Five levels of severity of errors are defined in the PyIMSL Stat Library. Upon return from a PyIMSL function, exactly one error state exists. Even if more than one informational error occurs, only one message is printed. Multiple errors for which no corrective action within the calling program is reasonable or necessary result in the printing of multiple messages. Errors of any of the severity levels except TERMINAL may be informational errors.
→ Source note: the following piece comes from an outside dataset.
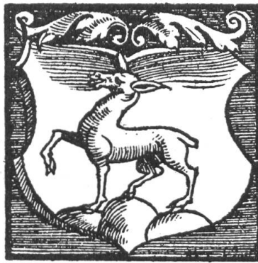
Fig. 24. Wappen der Grafen von Tierstein (nach Stumpf's Schweizer Chronik), fand Verwendung im Wappen des Amtes Farnsburg (Feld 2 und 3)

The include file, imsl.h, defines NOTE, ALERT, WARNING, FATAL, TERMINAL, WARNING_IMMEDIATE, and FATAL_IMMEDIATE.

NOTE. A note is issued to indicate the possibility of a trivial error or simply to provide information about the computations.

ALERT. An alert indicates that a function value has been set to 0 due to underflow.

WARNING. A warning indicates the existence of a condition that may require corrective action by the user or calling routine. A warning error may be issued because the results are accurate to only a few decimal places, because some of the output may be erroneous, but most of the output is correct, or because some assumptions underlying the analysis technique are violated. Usually no corrective action is necessary, and the condition can be ignored.

FATAL. A fatal error indicates the existence of a condition that may be serious. In most cases, the user or calling routine must take corrective action to recover.

TERMINAL. A terminal error is serious. It usually is the result of an incorrect specification, such as specifying a negative number as the number of equations. These errors may also be caused by various programming errors impossible to diagnose correctly in C. The resulting error message may be perplexing to the user. In such cases, the user is advised to compare carefully the actual arguments passed to the function with the dummy argument descriptions given in the documentation. Special attention should be given to checking argument order and data types.

A terminal error is not an informational error, because corrective action within the program is generally not reasonable. In normal usage, execution is terminated immediately when a terminal error occurs. Messages relating to more than one terminal error are printed if they occur.

WARNING_IMMEDIATE. An immediate warning error is identical to a warning error, except it is printed immediately.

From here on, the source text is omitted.